110e345f · Brandon T. Willard · Brandon T. Willard · cec873e3 · 110e345f · 110e345f
--- a/aesara/scan/basic.py
+++ b/aesara/scan/basic.py
@@ -9,9 +9,9 @@ from aesara.configdefaults import config
 from aesara.graph.basic import Constant, Variable, clone_replace, graph_inputs
 from aesara.graph.op import get_test_value
 from aesara.graph.utils import MissingInputError, TestValueError
-from aesara.scan import utils
 from aesara.scan.op import Scan, ScanInfo
-from aesara.scan.utils import safe_new
+from aesara.scan.utils import expand_empty, safe_new, until
+from aesara.tensor.basic import get_scalar_constant_value
 from aesara.tensor.exceptions import NotScalarConstantError
 from aesara.tensor.math import minimum
 from aesara.tensor.shape import shape_padleft
@@ -19,6 +19,146 @@ from aesara.tensor.type import TensorType, integer_dtypes
 from aesara.updates import OrderedUpdates


+def get_updates_and_outputs(ls):
+    """Recognize and order the updates, outputs, and stopping condition for a `Scan`.
+
+    WRITEME: what is the type of ls? how is it formatted?  if it's not in the
+    predefined order already, how does this function know how to put it in that
+    order?
+
+    """
+
+    def is_outputs(elem):
+        if isinstance(elem, (list, tuple)) and all(
+            [isinstance(x, Variable) for x in elem]
+        ):
+            return True
+        if isinstance(elem, Variable):
+            return True
+        return False
+
+    def is_updates(elem):
+        if isinstance(elem, dict):
+            # Make sure the updates will be applied in a deterministic order
+            return True
+        # Dictionaries can be given as lists of tuples
+        if isinstance(elem, (list, tuple)) and all(
+            [isinstance(x, (list, tuple)) and len(x) == 2 for x in elem]
+        ):
+            return True
+        return False
+
+    def is_condition(elem):
+        return isinstance(elem, until)
+
+    def _list(x):
+        if isinstance(x, (list, tuple)):
+            return list(x)
+        else:
+            return [x]
+
+    def _filter(x):
+        """
+        Ensure `x` is made only of allowed data types.
+
+        Return True iff `x` is made only of lists, tuples, dictionaries, Aesara
+        variables or `aesara.scan.utils.until` objects.
+
+        """
+        # Is `x` a container we can iterate on?
+        iter_on = None
+        if isinstance(x, list) or isinstance(x, tuple):
+            iter_on = x
+        elif isinstance(x, dict):
+            iter_on = x.items()
+        if iter_on is not None:
+            return all(_filter(y) for y in iter_on)
+        else:
+            return isinstance(x, Variable) or isinstance(x, until)
+
+    if not _filter(ls):
+        raise ValueError(
+            "The return value of your scan lambda expression may only be "
+            "made of lists, tuples, or dictionaries containing Aesara "
+            "variables (or `aesara.scan.utils.until` objects for "
+            "conditions).
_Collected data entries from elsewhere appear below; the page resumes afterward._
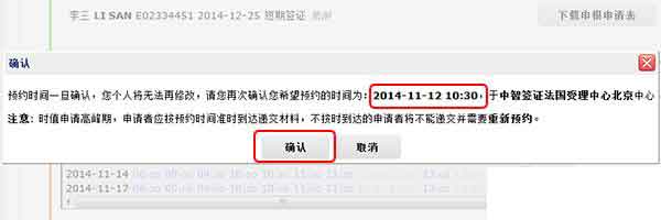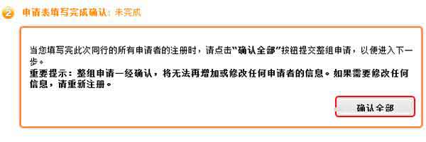 在所有的信息都确认无误之后,点击“确认全部”,进入最后一步“预约时间”。请注意:申请信息一经确认,将无法再增加或修改任何申请者的信息。如果需要修改任何信息,只能重新注册。
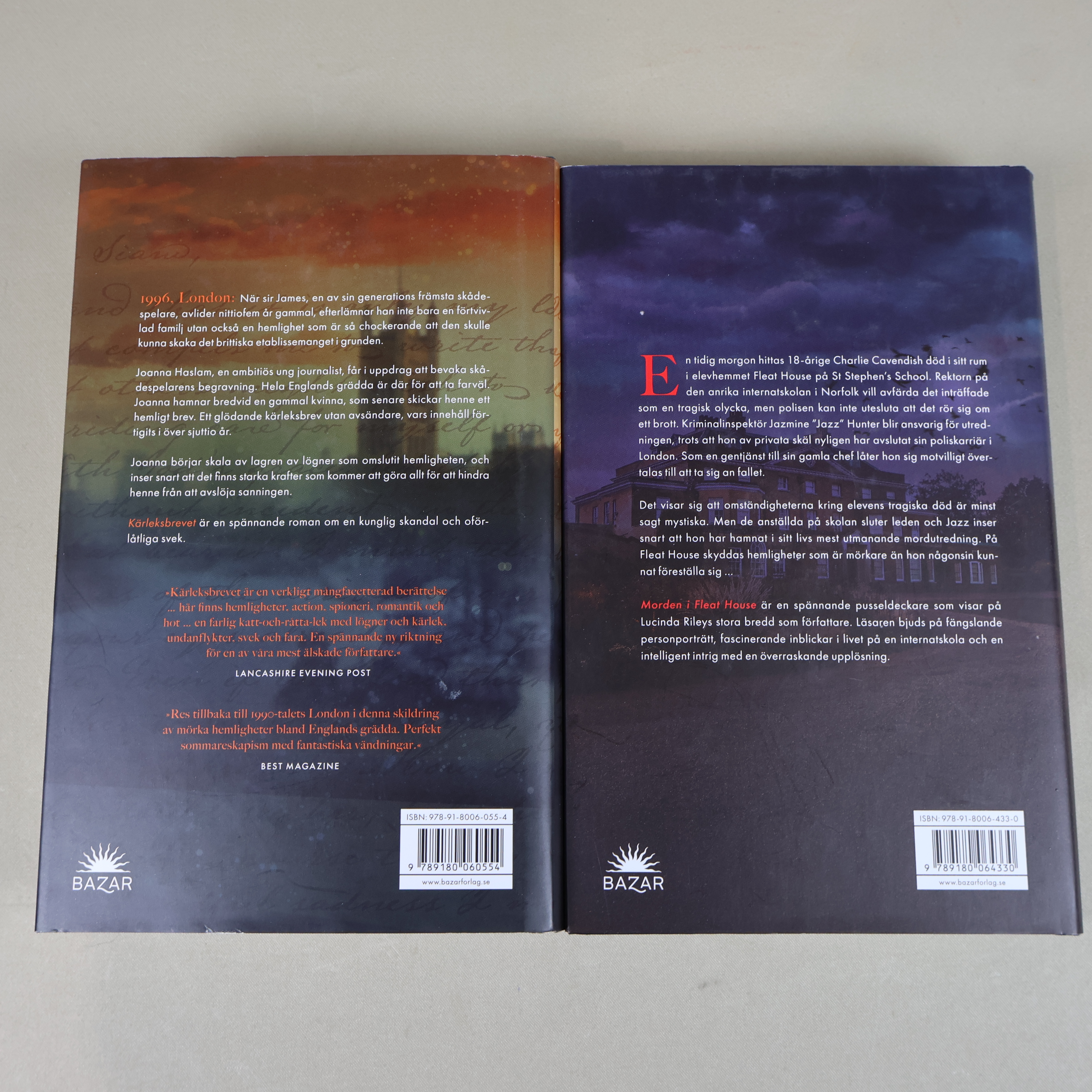 Få två spännande romaner av Lucinda Riley i ett och samma paket! Både Kärleksbrevet och Morden i Fleat House bjuder på starka berättelser, vackra omslag och inbundet format som känns lyxigt i bokhyllan. Perfekt när du vill ha både drama och kriminalmysterium på svenska i riktigt fint skick.
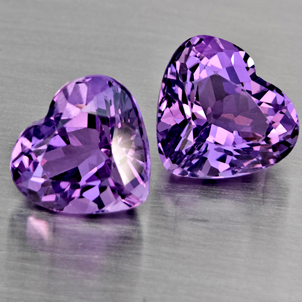 Natural Purple Amethyst 5.60 Ct. 2 Pcs Heart Shape 9.4 x 8.6 Mm Gemstone From Brazil

In particular if you need to use constant "
+            "values, you can use `tensor.constant` to turn them into "
+            "Aesara variables."
+        )
+
+    if is_outputs(ls):
+        return None, _list(ls), dict()
+    if is_updates(ls):
+        return None, [], dict(ls)
+    error_msg = (
+        f"Scan cannot parse the return value of your lambda expression, which is: {ls}"
+    )
+    if not isinstance(ls, (list, tuple)):
+        raise ValueError(error_msg)
+    ls = list(ls)
+    deprecation_msg = (
+        "The return value of the lambda function"
+        " has been restricted. you have to always return first the"
+        " outputs (if any), afterwards the updates (if any) and"
+        " at the end the conclusion"
+    )
+    if len(ls) == 2:
+        if is_outputs(ls[0]):
+            if is_updates(ls[1]):
+                return (None, _list(ls[0]), dict(ls[1]))
+            elif is_condition(ls[1]):
+                return (ls[1].condition, _list(ls[0]), dict())
+            else:
+                raise ValueError(error_msg)
+        elif is_updates(ls[0]):
+            if is_outputs(ls[1]):
+                raise ValueError(deprecation_msg)
+            elif is_condition(ls[1]):
+                return (ls[1].condition, [], dict(ls[0]))
+            else:
+                raise ValueError(error_msg)
+        else:
+            raise ValueError(error_msg)
+    elif len(ls) == 3:
+        if is_outputs(ls[0]):
+            if is_updates(ls[1]):
+                if is_condition(ls[2]):
+                    return (ls[2].condition, _list(ls[0]), dict(ls[1]))
+                else:
+                    raise ValueError(error_msg)
+            else:
+                raise ValueError(error_msg)
+        else:
+            raise ValueError(error_msg)
+    else:
+        raise ValueError(error_msg)
+
+
+def isNaN_or_Inf_or_None(x):
+    isNone = x is None
+    try:
+        isNaN = np.isnan(x)
+        isInf = np.isinf(x)
+        isStr = isinstance(x, str)
+    except Exception:
+        isNaN = False
+        isInf = False
+        isStr = False
+    if not isNaN and not isInf:
+        try:
+            val = get_scalar_constant_value(x)
+            isInf = np.isinf(val)
+            isNaN = np.isnan(val)
+        except Exception:
+            isNaN = False
+            isInf = False
+    if isinstance(x, Constant) and isinstance(x.data, str):
+        isStr = True
+    else:
+        isStr = False
+    return isNone or isNaN or isInf or isStr
+
+
 def scan(
    fn,
    sequences=None,
@@ -516,7 +656,7 @@ def scan(
    for seq in scan_seqs:
        lengths_vec.append(seq.shape[0])

-    if not utils.isNaN_or_Inf_or_None(n_steps):
+    if not isNaN_or_Inf_or_None(n_steps):
        # ^ N_steps should also be considered
        lengths_vec.append(at.as_tensor(n_steps))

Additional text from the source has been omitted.